Other detectable impurities (the following substances would, if present at a sufficient level, be detected by one or other of the tests in the monograph. They are limited by the general acceptance criterion for other/unspecified impurities and/or by the general monograph Substances for pharmaceutical use (2034). It is therefore not necessary to identify these impurities for demonstration of compliance. See also 5.10. Control of impurities in substances for pharmaceutical use) F.
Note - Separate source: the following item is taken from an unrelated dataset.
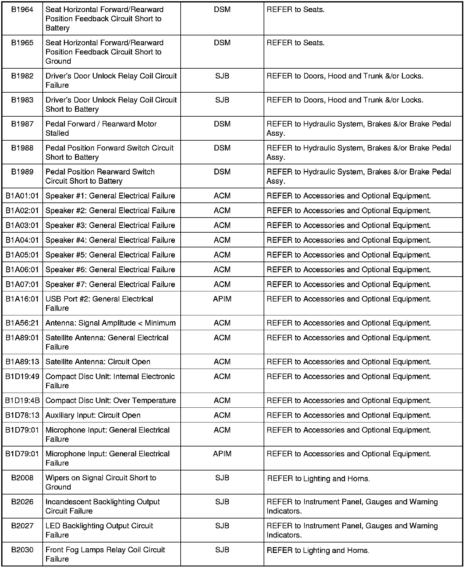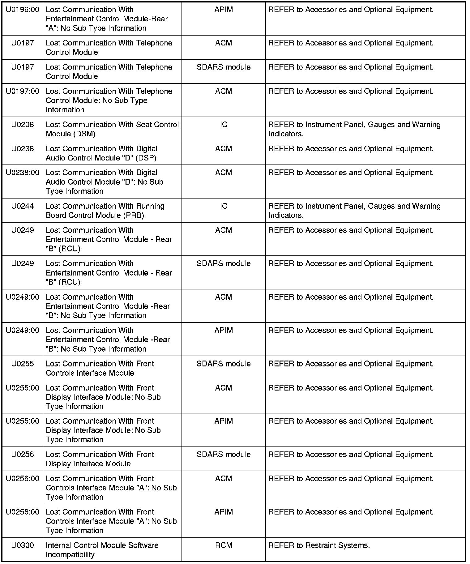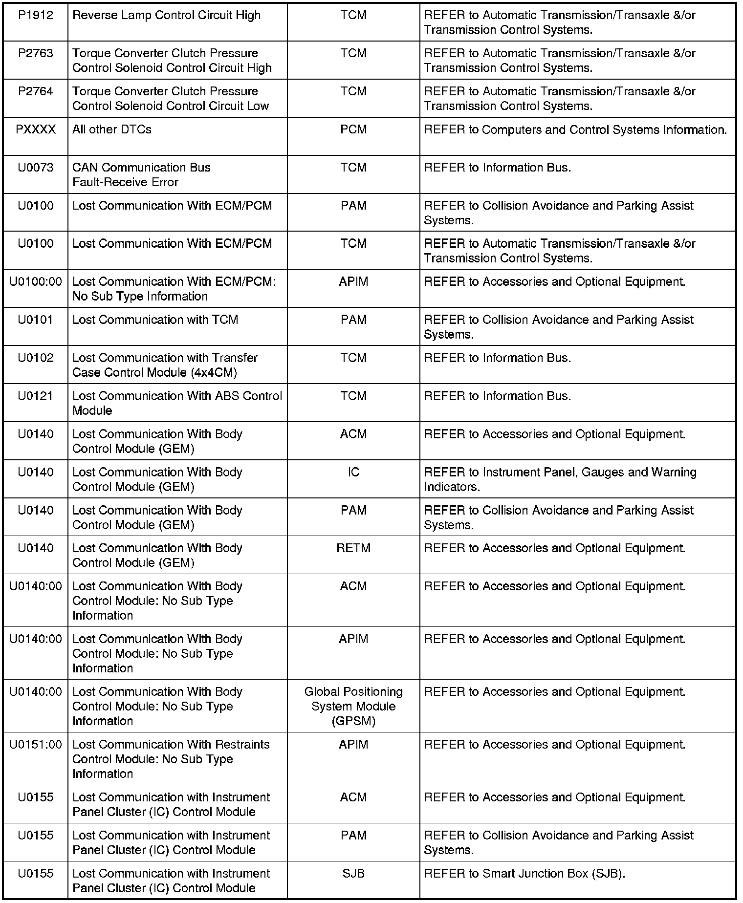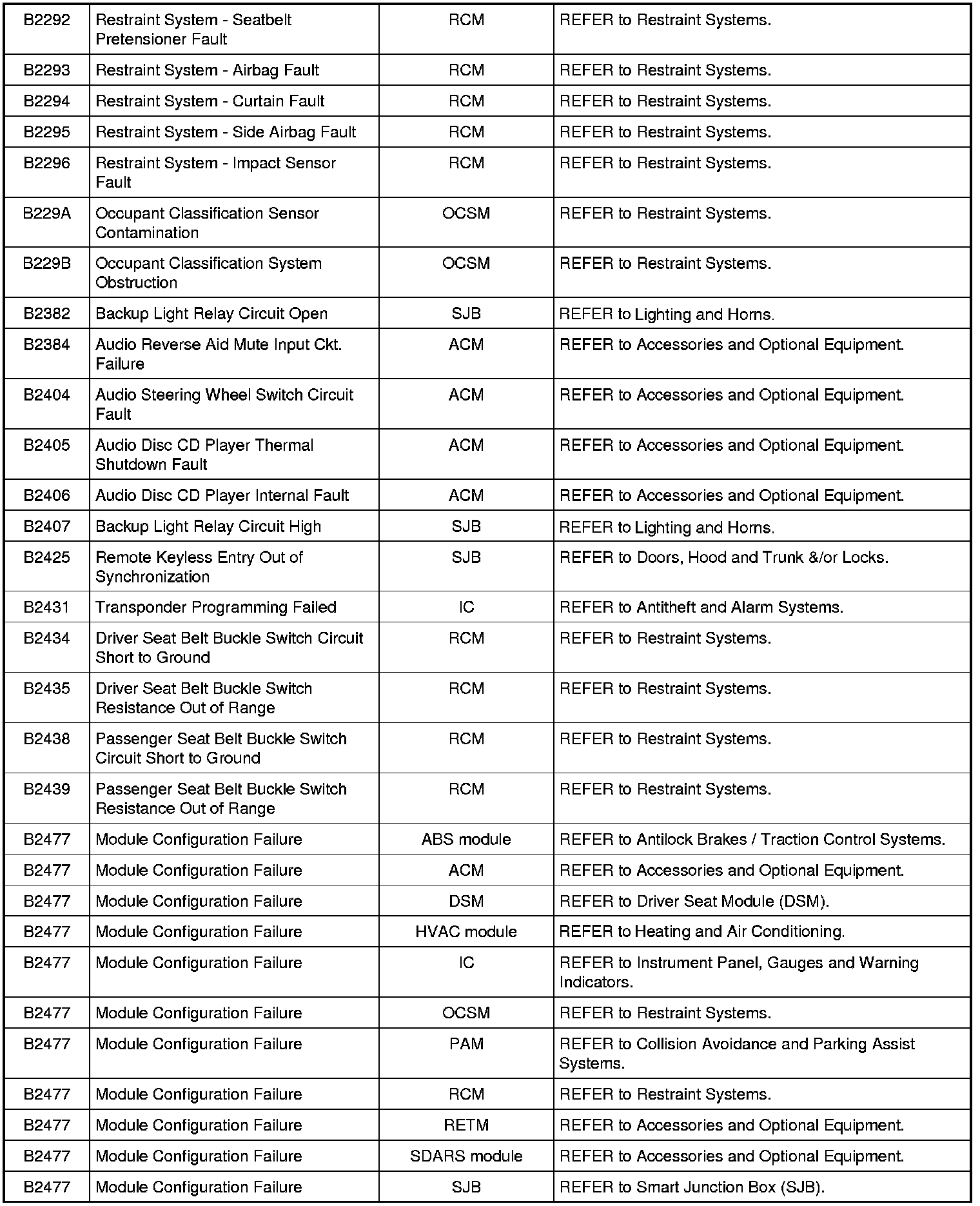 Home >> Ford >> 2010 >> Explorer AWD V8-4.6L >> Repair and Diagnosis >> Body and Frame >> Body Control Systems >> Testing and Inspection >> Diagnostic Trouble Code Descriptions >> Diagnostic Trouble Code (DTC) Chart

A. (1S,2R)-1-amino-2,3-dihydro-1H-inden-2-ol (cis-aminoindanol),
B. (2S)-1-[(2S,4R)-4-benzyl-2-hydroxy-5-[[(1S,2R)-2-hydroxy-2,3-dihydro-1H-inden-1-yl]amino]-5-oxopentyl]-N-(1,1-dimethylethyl)piperazine-2-carboxamide,
C. (2S)-1-[(2R,4R)-4-benzyl-2-hydroxy-5-[[(1S,2R)-2-hydroxy-2,3-dihydro-1H-inden-1-yl]amino]-5-oxopentyl]-N-(1,1-dimethylethyl)-4-(pyridin-3-ylmethyl)piperazine-2-carboxamide,
D. (3R,5S)-3-benzyl-5-[[(2S)-2-[(1,1-dimethylethyl)carbamoyl]-4-(pyridin-3-ylmethyl)piperazin-1-yl]methyl]-4,5- dihydrofuran-2(3H)-one,
E. (2S)-1,4-bis[(2S,4R)-4-benzyl-2-hydroxy-5-[[(1S,2R)-2-hydroxy-2,3-dihydro-1H-inden-1-yl]amino]-5-oxopentyl]-N-(1,1-dimethylethyl)piperazine-2-carboxamide,
F. 3-(chloromethyl)pyridine (nicotinyl chloride).